Exercise prompt:
Make an exact copy of the records that follow, with each picture omitted.

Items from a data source
——————
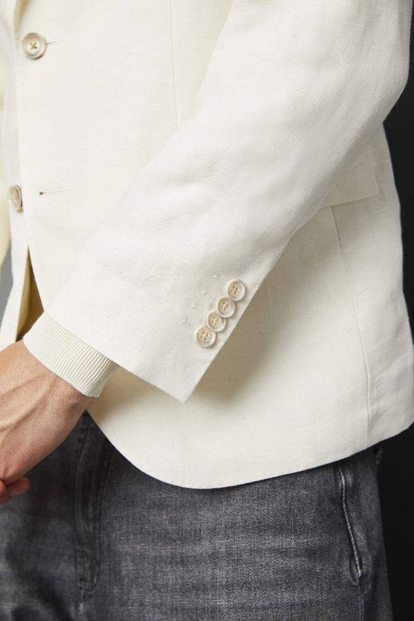 Giacca da uomo monopetto nei toni del bianco con rever classico e taschino a barchetta sul petto. Grazie alla preziosa mischia di lino e cotone questa giacca si presta per essere indossata nelle fresche serate estive, un capo intramontabile e dal gusto elegante e minimal nello stile della capsule colletion Blackout.
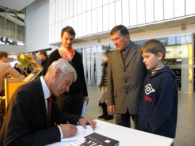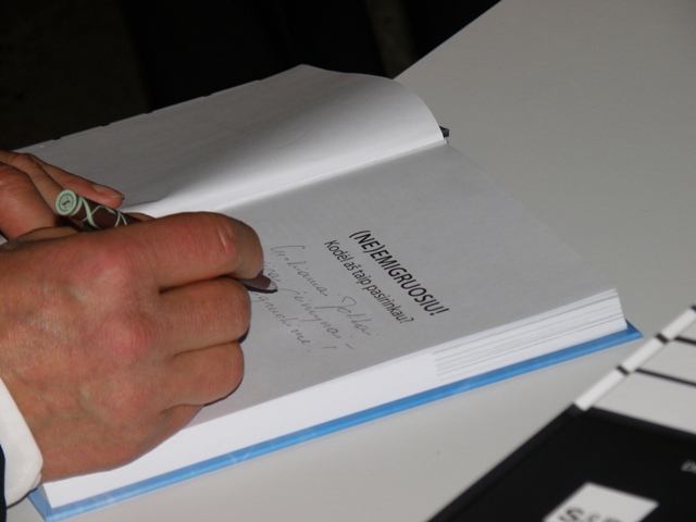 MEP Justas Paleckis signs a book for a small Justas
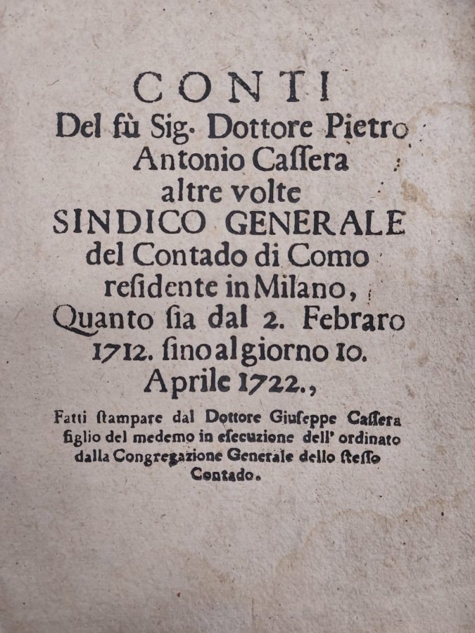Conti del fù sig. dottore [.] sindico generale del contado di Como residente in Milano, quanto sia dal 2 Febraro 1712 fino al giorno 10 Aprile 172. Fatti stampare dal dottore Giuseppe Cassera figlio del medesimo in esecuzione dell'ordinato dalla Congregazione Generale dello stesso contado.
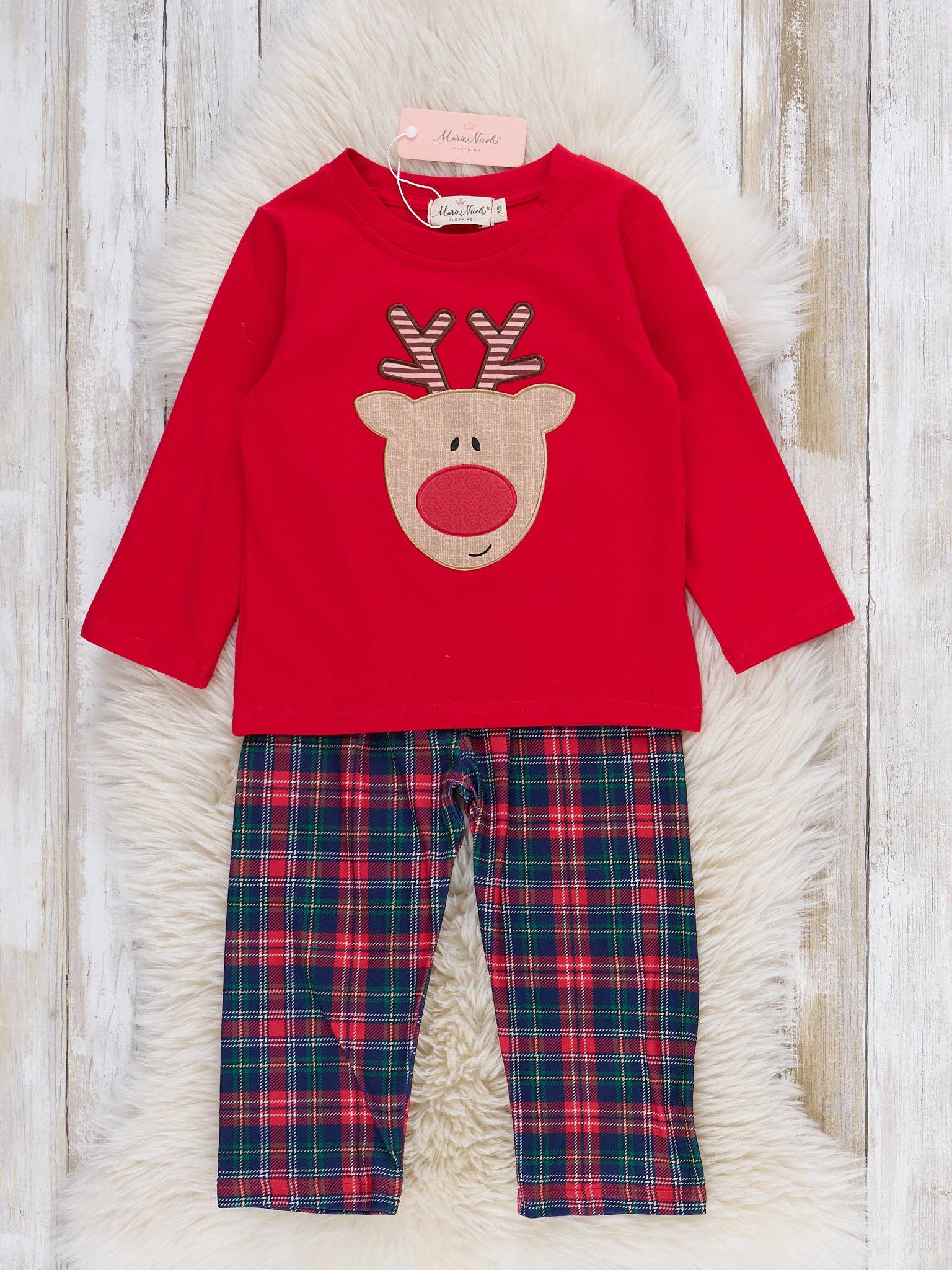 The Big Red Nose Rudolph Embroidered Outfit glows like Rudolph's nose! Bright red paired with tartan pants, this two-piece set is adorably festive for the holidays with its embroidered reindeer. Also made with soft, comfortable fabric, your little boy will love this romper during the winter days and Christmas time.
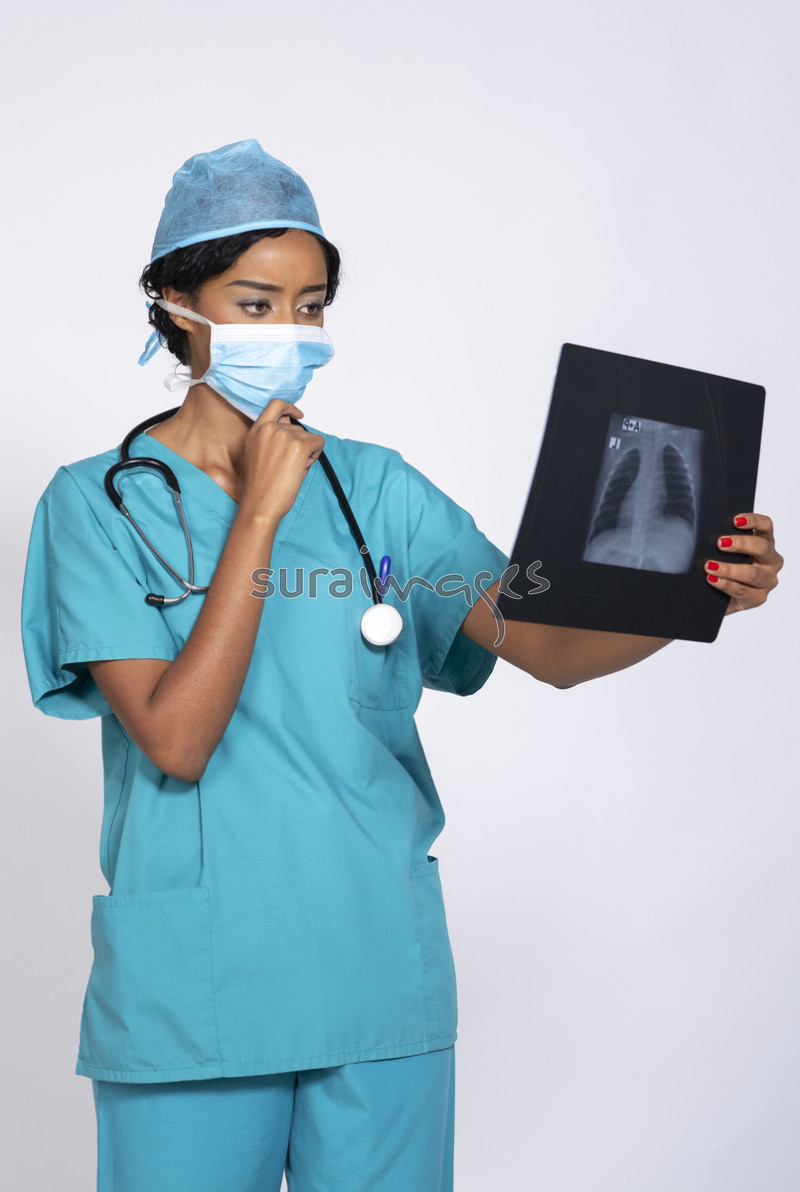 Title Female doctor examines a patient X-ray
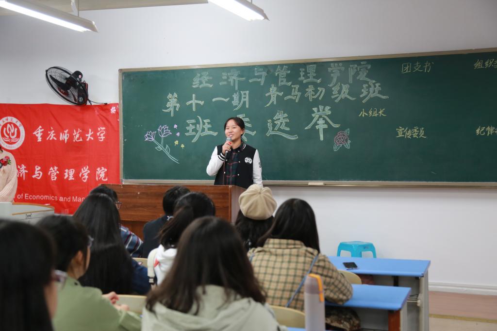 在班主任王啸川、黄倩对各班委职务的讲解之后,竞选仪式正式开始。竞选以青马初级班同学自发上台自我介绍并表明竞选意向,最后通过无记名投票选出新一届青马班班委成员。
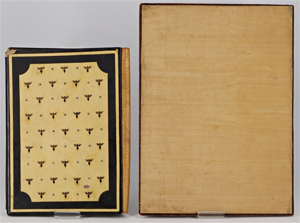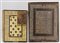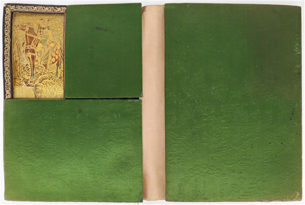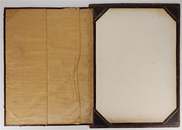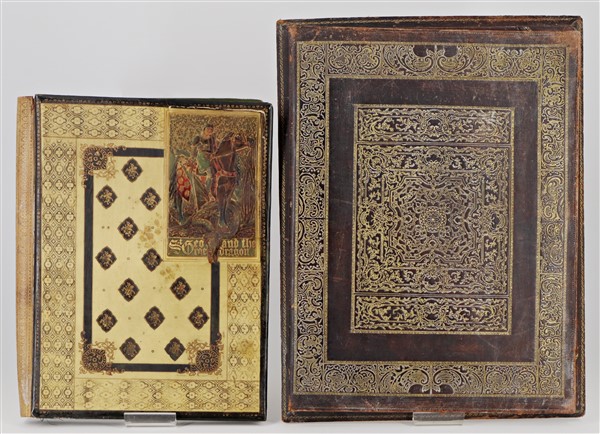 Lotto composto da due antiche cartelle portacorrispondenza di cui una in cuoio impresso e l'altra in pelle e pergamena e riquadro con San Giorgio e il Drago (misura max cm 42x30) (difetti e rotture)
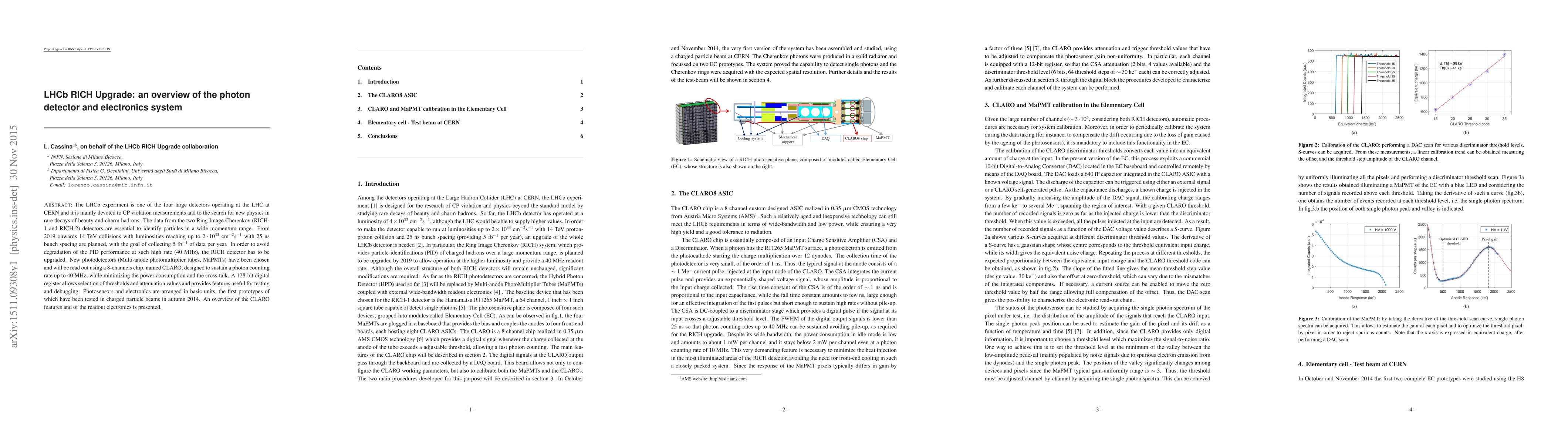 The LHCb experiment is one of the four large detectors operating at the LHC at CERN and it is mainly devoted to CP violation measurements and to the search for new physics in rare decays of beauty and charm hadrons. The data from the two Ring Image Cherenkov (RICH-1 and RICH-2) detectors are essential to identify particles in a wide momentum range. From 2019 onwards 14 TeV collisions with luminosities reaching up to $2\cdot10^{33}$ cm$^{-2}$ s$^{-1}$ with 25 ns bunch spacing are planned, with the goal of collecting 5 fb$^{-1}$ of data per year. In order to avoid degradation of the PID performance at such high rate (40 MHz), the RICH detector has to be upgraded. New photodetectors (Multi-anode photomultiplier tubes, MaPMTs) have been chosen and will be read out using a 8-channels chip, named CLARO, designed to sustain a photon counting rate up to 40 MHz, while minimizing the power consumption and the cross-talk. A 128-bit digital register allows selection of thresholds and attenuation values and provides features useful for testing and debugging. Photosensors and electronics are arranged in basic units, the first prototypes of which have been tested in charged particle beams in autumn 2014. An overview of the CLARO features and of the readout electronics is presented.
——————
Task output:
 Giacca da uomo monopetto nei toni del bianco con rever classico e taschino a barchetta sul petto. Grazie alla preziosa mischia di lino e cotone questa giacca si presta per essere indossata nelle fresche serate estive, un capo intramontabile e dal gusto elegante e minimal nello stile della capsule colletion Blackout.
 MEP Justas Paleckis signs a book for a small Justas
Conti del fù sig. dottore [.] sindico generale del contado di Como residente in Milano, quanto sia dal 2 Febraro 1712 fino al giorno 10 Aprile 172. Fatti stampare dal dottore Giuseppe Cassera figlio del medesimo in esecuzione dell'ordinato dalla Congregazione Generale dello stesso contado.
 The Big Red Nose Rudolph Embroidered Outfit glows like Rudolph's nose! Bright red paired with tartan pants, this two-piece set is adorably festive for the holidays with its embroidered reindeer. Also made with soft, comfortable fabric, your little boy will love this romper during the winter days and Christmas time.
 Title Female doctor examines a patient X-ray
 在班主任王啸川、黄倩对各班委职务的讲解之后,竞选仪式正式开始。竞选以青马初级班同学自发上台自我介绍并表明竞选意向,最后通过无记名投票选出新一届青马班班委成员。
 Lotto composto da due antiche cartelle portacorrispondenza di cui una in cuoio impresso e l'altra in pelle e pergamena e riquadro con San Giorgio e il Drago (misura max cm 42x30) (difetti e rotture)
 The LHCb experiment is one of the four large detectors operating at the LHC at CERN and it is mainly devoted to CP violation measurements and to the search for new physics in rare decays of beauty and charm hadrons. The data from the two Ring Image Cherenkov (RICH-1 and RICH-2) detectors are essential to identify particles in a wide momentum range. From 2019 onwards 14 TeV collisions with luminosities reaching up to $2\cdot10^{33}$ cm$^{-2}$ s$^{-1}$ with 25 ns bunch spacing are planned, with the goal of collecting 5 fb$^{-1}$ of data per year. In order to avoid degradation of the PID performance at such high rate (40 MHz), the RICH detector has to be upgraded. New photodetectors (Multi-anode photomultiplier tubes, MaPMTs) have been chosen and will be read out using a 8-channels chip, named CLARO, designed to sustain a photon counting rate up to 40 MHz, while minimizing the power consumption and the cross-talk. A 128-bit digital register allows selection of thresholds and attenuation values and provides features useful for testing and debugging. Photosensors and electronics are arranged in basic units, the first prototypes of which have been tested in charged particle beams in autumn 2014. An overview of the CLARO features and of the readout electronics is presented.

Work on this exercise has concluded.